Observamos como los negacionistas de las guerras culturales quitan hierro a fenómenos que preocupan a una parte de la sociedad y atribuyen el interés por cuestiones de este tipo (diversidad, libertad de expresión, etc) por cuestiones de este tipo a la excesiva atención que les prestan los grupos más polarizados. Lo paradójico es que no pocos de estos negacionistas son auténticos guerreros culturales, embarcados en la misión de liberar a la humanidad de lo que consideran pecados de la civilización occidental.
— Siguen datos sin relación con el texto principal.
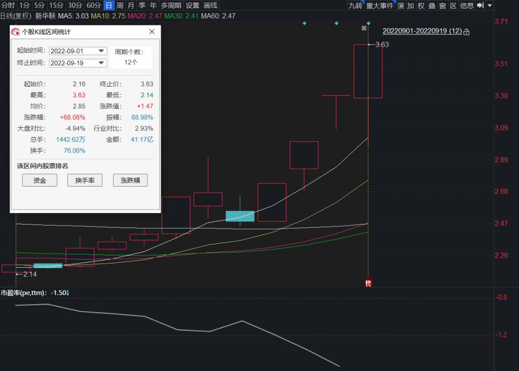 如果将统计区间拉长,9 月初以来的股价表现用"旱地拔葱"形容,相信一点也不为过。根据同花顺 iFind 的统计,截至 9 月 19 日收盘,新华联 9 月涨幅为 68.06%,其中有四个交易日是连续收于涨停。

Así pues, cuando lanzan campañas a favor de su entender sobre la familia, sexualidad o educación no reconocen estar librando tal guerra, Antes bien, se presentan como “batalladores de la justicia social”, De modo que la cruzada de estos activistas por cambiar la mentalidad hegemónica aparece siempre como una exigencia de la inclusión y la diversidad, mientras que son los otros, los partidarios del efecto contrario, los que están partiendo en dos a la sociedad con sus radicales causas.
Desde el mundo woke, es difícil comprender por qué hay quienes les acusan de querer adoctrinar. Según su punto de vista, lo que ellos hacen es educar y sensibilizar, aunque la mejor manera de entender la “creación de conciencia” es como un eufemismo para convertir a las personas hacia los valores de los propios creadores de conciencias. Los partidarios de los valores tenidos por conservadores repiten el error de erigirse en portadores únicos de la decencia y el sentido común cuando niegan a reconocer los avances que ha traído la visión moral de la izquierda, o cuando minimizar problemas reales, como los subrayó la muerte de George Floyd a manos de un policía blanco y ante la indiferencia de otros tres agentes.
En los debates candentes en la opinión pública, existen términos que provocan emociones imprevisibles, de ahí la conveniencia de explicitar el significado de las expresiones que usamos en dichos debates. El estudio de The Politics of the Culture Wars in Contemorary Britain publicado hace días por el think tank Exchange, es un buen ejemplo de los malentendidos que rodean a la batalla de las ideas.
Su autor, el politólogo Eric Kaufmann, parte de una de las conclusiones de otro informe; el 72% de los británicos opina que la corrección política es un problema, y lo mismo piensa un 73% respecto del discurso del odio. Ambas opiniones son compatibles. Y sugiere que quienes se preocupan por la libertad de expresión no tienen por qué ser unos haters. Kaufmann aduce que rara vez la vida real ofrece conflictos con respuestas tan nítidas; lo más habitual es que las discrepancias entre esas dos preocupaciones dependan de lo que cada interlocutor tenga en mente. Por ello, las preguntas de las encuestas son tan decisivas.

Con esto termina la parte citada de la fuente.